Она нагнулась, чтобы получше рассмотреть раны, и отпрянула в ужасе.

— Господи, это же ногтями он себя разодрал!

— Гриффин сможет сказать наверняка, но я с тобой согласен.

Уинтер поднял лампу и тоже попытался рассмотреть лицо. Густые и грязные волосы и борода Юджина свалялись в клочья, через них увидеть что-либо было невозможно. Гриффин должна будет сравнить его волосы с клоком, найденным в Библии в отеле. Уинтер протянул руку в перчатке и убрал волосы с лица. Мендоза порывисто вдохнула.

— Какой кошмар!

Уинтер поднес лампу поближе и осветил шрамы — твердые, потемневшие и глубокие. Они очень отличались от шрамов на теле. Пустые глазницы больше походили на черные дыры.

— Здесь работала Амелия. Она выжгла ему глаза сигаретой.

— А что твой внутренний психопат скажет на это? — еле выдавила Мендоза.
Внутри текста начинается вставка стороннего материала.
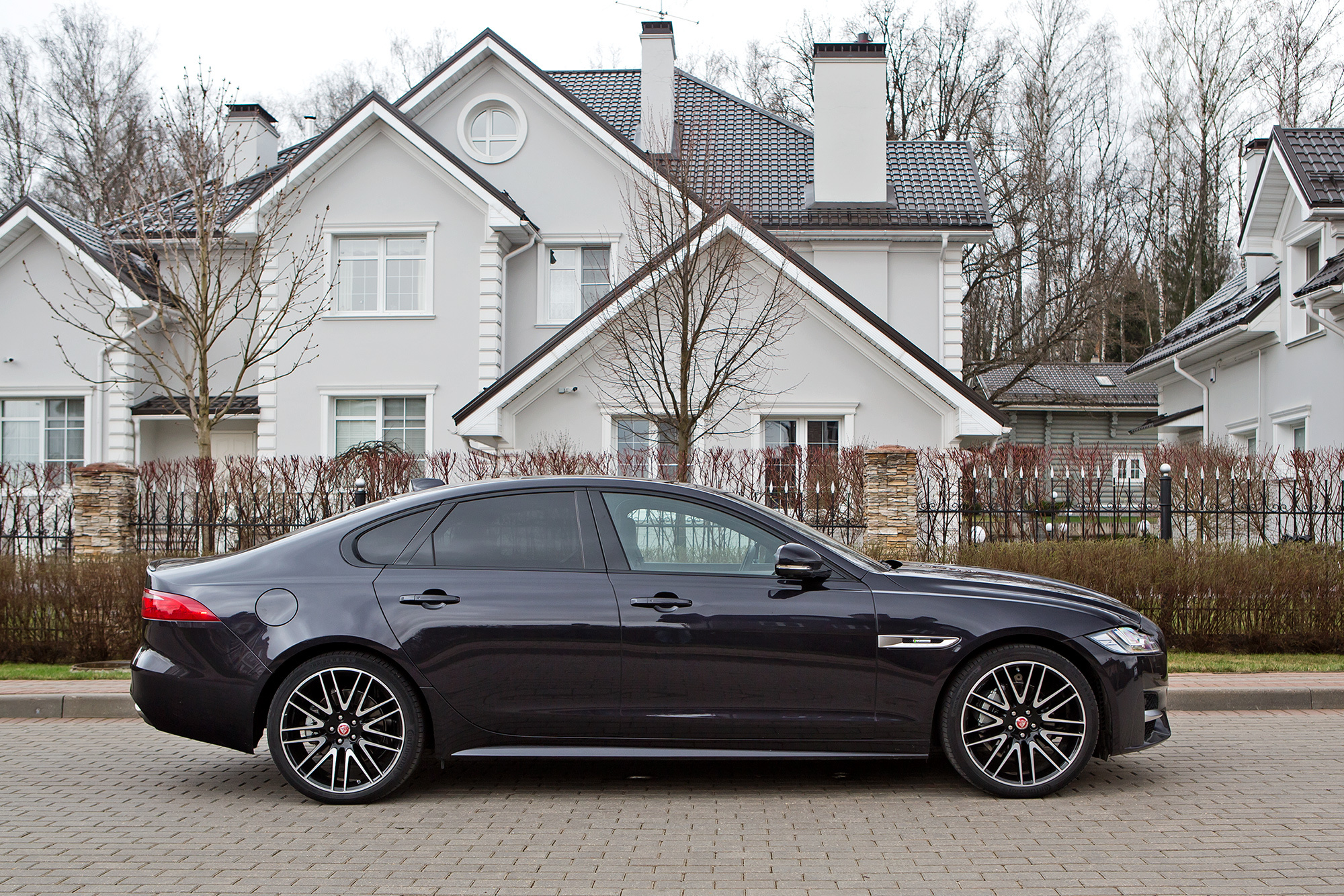 Лёгкость, присущая Ягуару на прямой, не покидает его в поворотах. Даже в базовом режиме электронноуправляемых амортизаторов седан проворно меняет направление, беспрекословно следуя за рулём, а на скоростной дуге ведёт себя железобетонно. В режиме Dynamic крены с раскачкой на неровностях становятся ещё меньше. А в пределе XF вместо того, чтобы скользить своей хитро-хищной мордой наружу, переходит на меньший радиус как под тягой, так и под сброс газа. Живой автомобиль! Иногда, правда, слишком: скоростную прямую с неровностями держать не хочет, приходится постоянно подруливать.
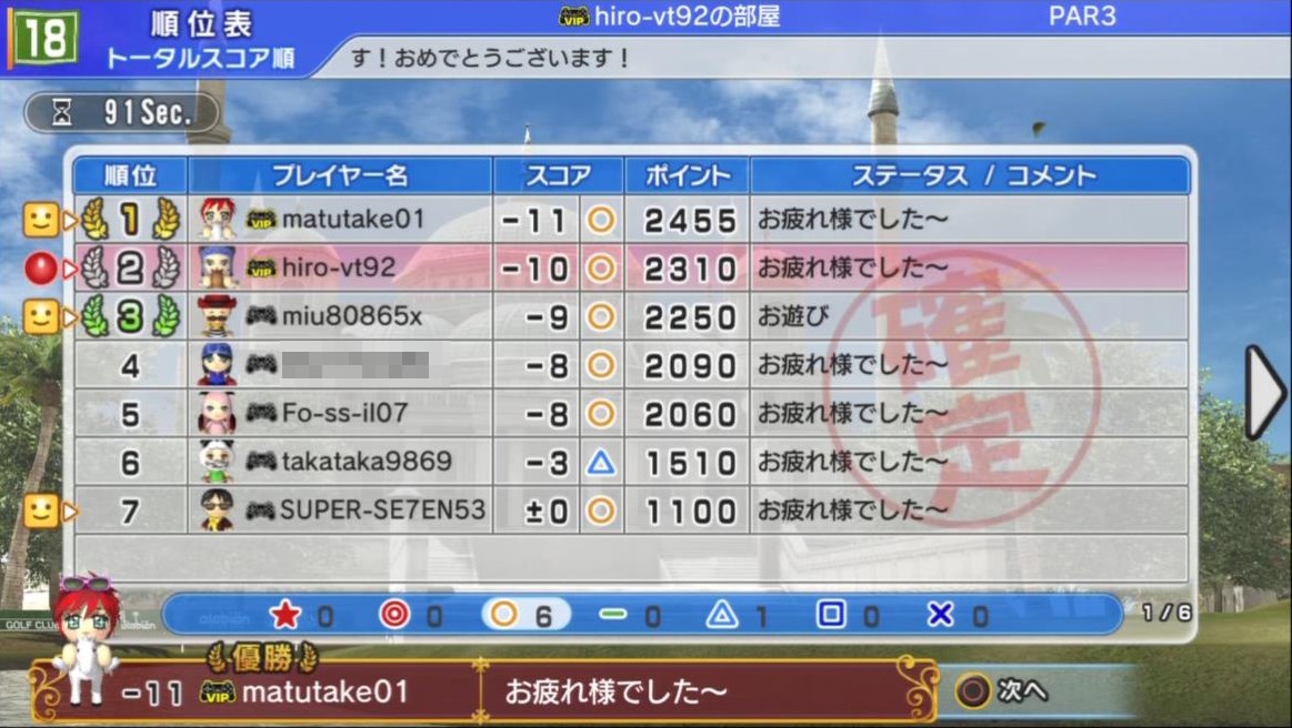 ひろうち92tトップ > みんゴル日誌 > みんゴル6 > 対戦部屋記録 2013年8月26日号
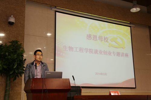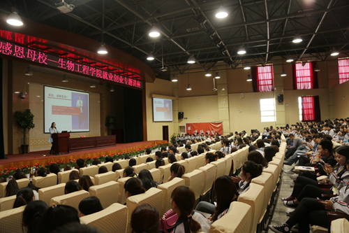 5月15日上午,为提高学生的就业能力,增强大学生创造意识和培养创新能力,破解创业难题,走出就业迷茫,生物工程学院邀请学院成功就业和创业的校友在国际会议厅举办了感恩母校——就业、创业专题讲座”。
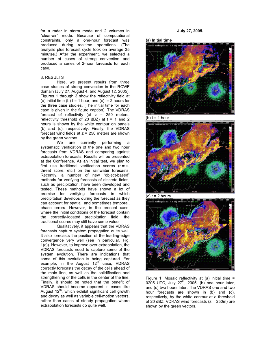 我们正在对VDRAS进行一个和两个小时的预测进行系统的验证,并与外推预测进行比较。 会议将提交结果。 作为初步测试,我们计划首先将传统的验证分数(r.m.s,威胁等级)用于雨水预报。最近,已经开发和测试了一些用于验证诸如降水等离散场的预测的新的“基于对象”的方法。 这些方法已经显示出很多希望,用于验证预测中的降水发展的预测,因为它们可以解释空间,有时是时间性的相位误差。 然而,在目前情况下,预测的初始条件包含正确定位的降水场,传统得分可能仍然具有一定的价值。
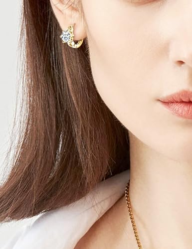 More information about Moissanite Hoop Earrings for Women, 2 Carat per Pair, D Color Lab Created Diamond Alternative, Hypoallergenic 18K Gold Vermeil Sterling Silver | Fine Jewelry Gift for Her
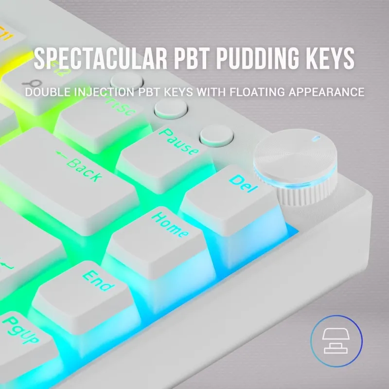 ESPECTACULARES TECLAS PBT PUDDING: Fabricadas en ultra resistente PBT de doble inyección en dos niveles, las teclas del MKCLOUD te ofrecen un espectáculo de iluminación sin precedentes en el que las teclas parecen flotar sobre una base de luz y color. Además, el PBT es un material mucho más resistente y refinado que el ABS tradicional por lo que las teclas se mantendrán como nuevas tras años de uso intensivo. Olvídate para siempre de los desgastes y las roturas.
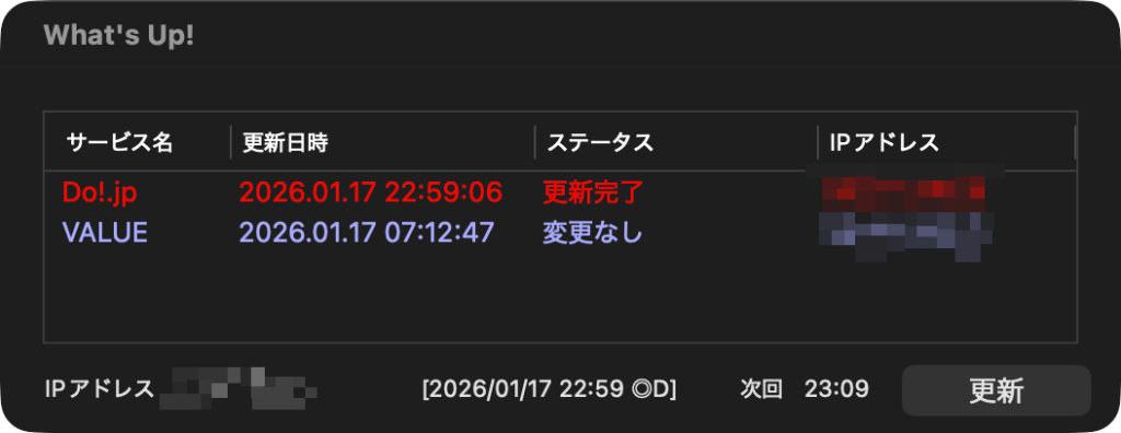 取得したグローバルIPアドレスに変更があるときのみ実際の更新処理をサービスに対して行っています。

Уинтер не ответил и поднял лампу еще выше. Маленький стол у стены был миниатюрной версией стола в доме. Белая скатерть, красная подставка под горячее, серебряные приборы. Вся разница состояла только в том, что он был накрыт на одного. Поскольку это была уменьшенная версия, вместо канделябра посреди стола стояла всего одна свеча в серебряном подсвечнике.

И вместо проигрывателя пластинок здесь был переносной CD-плеер. Уинтер нажал на кнопку воспроизведения, и заиграл тот же самый вальс Штрауса «Голубой Дунай». Уинтер оглянулся на матрас и увидел на нем потертости рядом с головой Юджина.

— Теперь я понимаю, для кого предназначались собачьи миски из погреба.

Мендоза смотрела то на матрас, то на стол.

— Амелия ела за столом, а Юджин — на полу, из собачьей миски.

— Именно. Она подогревала ему готовые обеды, сваливала их в собачью миску, а себе готовила правильный здоровый салат. Потом она приходила сюда, включала плеер, и они ели вместе.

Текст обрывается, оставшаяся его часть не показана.